Religion
Uganda’s religious heritage is tripartite: indigenous religions, Islam, and Christianity. About four-fifths of the population is Christian, primarily divided between Roman Catholics and Protestants (mostly Anglicans). Other Christian denominations include the Seventh-day Adventists, Baptists, Greek Orthodoxy, Jehovah’s Witnesses, Latter-day Saints (Mormons), and Presbyterians. About one-tenth of the population is Muslim, and, of the remainder, most practice traditional religions. As in other parts of Africa, Islam and Christianity have been combined with indigenous religions to form various syncretic religious trends.

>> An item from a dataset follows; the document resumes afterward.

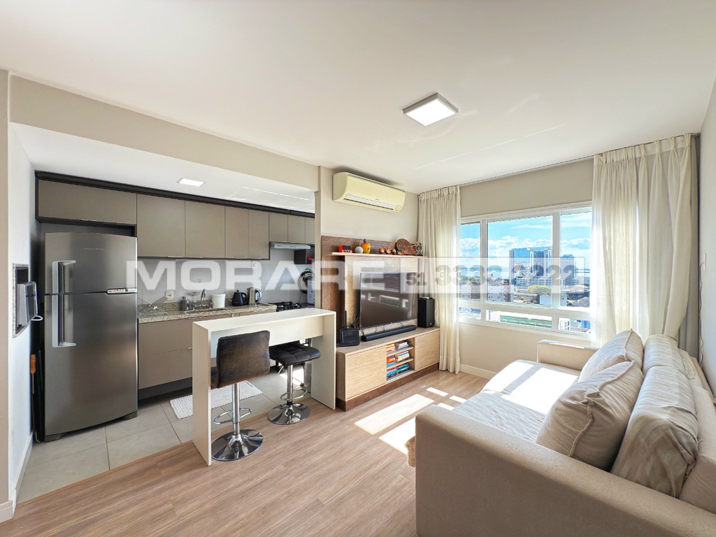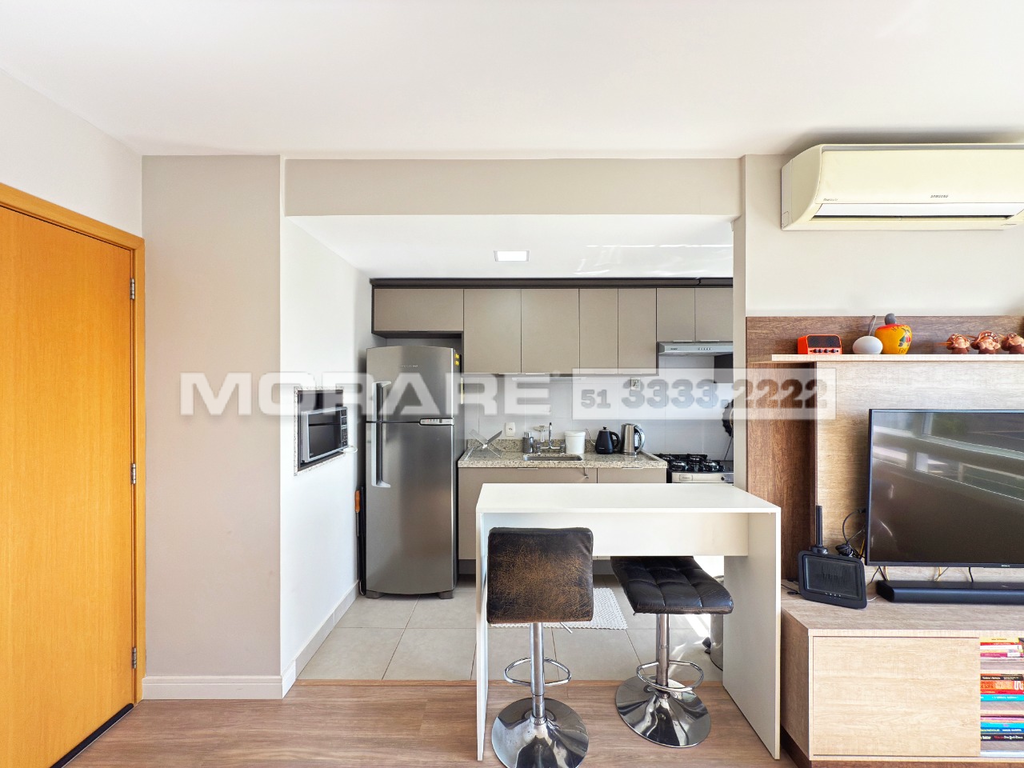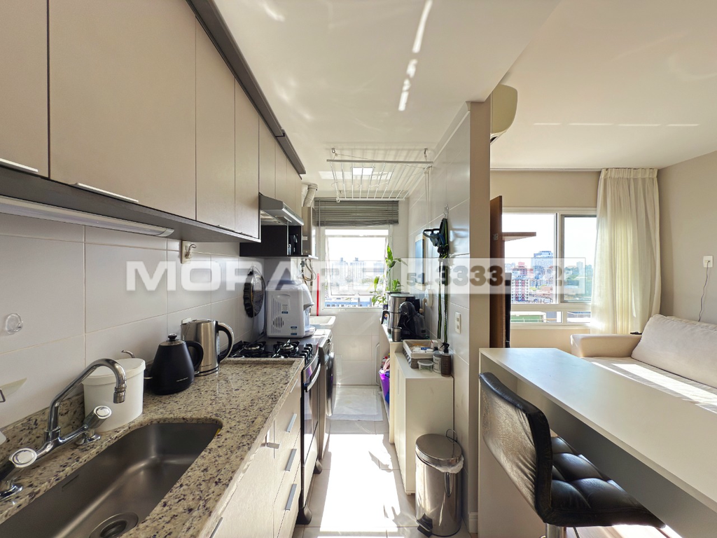 Apartamento semimobiliado de 60,50m2 localizado no bairro Menino Deus. A área social possui estar e jantar integrados à cozinha americana e lavanderia, garantindo praticidade e conforto no dia a dia. São dois dormitórios, sendo uma suíte, além de um banheiro social. Localizado no último andar, o imóvel conta com posição solar oeste e vista panorâmica. Possui vaga dupla, coberta e escriturada, para dois veículos. O condomínio oferece infraestrutura completa, com portaria 24 horas, e está em localização privilegiada, no coração do Menino Deus, próximo ao Zaffari e a diversas conveniências da região. Agende sua visita e aproveite essa oportunidade. Preço e disponibilidade do imóvel sujeitos a alteração sem aviso prévio.

Islam was the first of the exogenous religions to arrive, and it became politically significant in the 1970s. Christianity came during the colonial period through spirited missionary activity—especially in the south, where Catholics were called bafaransa (“the French”) and Protestants bangerezza (“the British”). Rivalry and even hostility between adherents of
these two branches of Christianity, which have always been sharper and deeper than those between Christians and Muslims, are still alive today. In the early 1930s a breakaway group of Anglican missionaries together with several Ugandans initiated the balokole (“born again”) revival, which spread throughout eastern Africa and beyond and has remained a powerful force of Pentecostalism in Uganda.A small number of Abayudaya Jews live in communities in eastern Uganda, the descendants of converts to Judaism in the 1920s. Until 1972, when Asians were expelled from Uganda, large numbers of Sikhs and Hindus lived throughout the country; in recent years, with returning South Asian practitioners, Sikhism and Hinduism have been reestablished in the country. Freedom of religion is guaranteed by the 1995 constitution.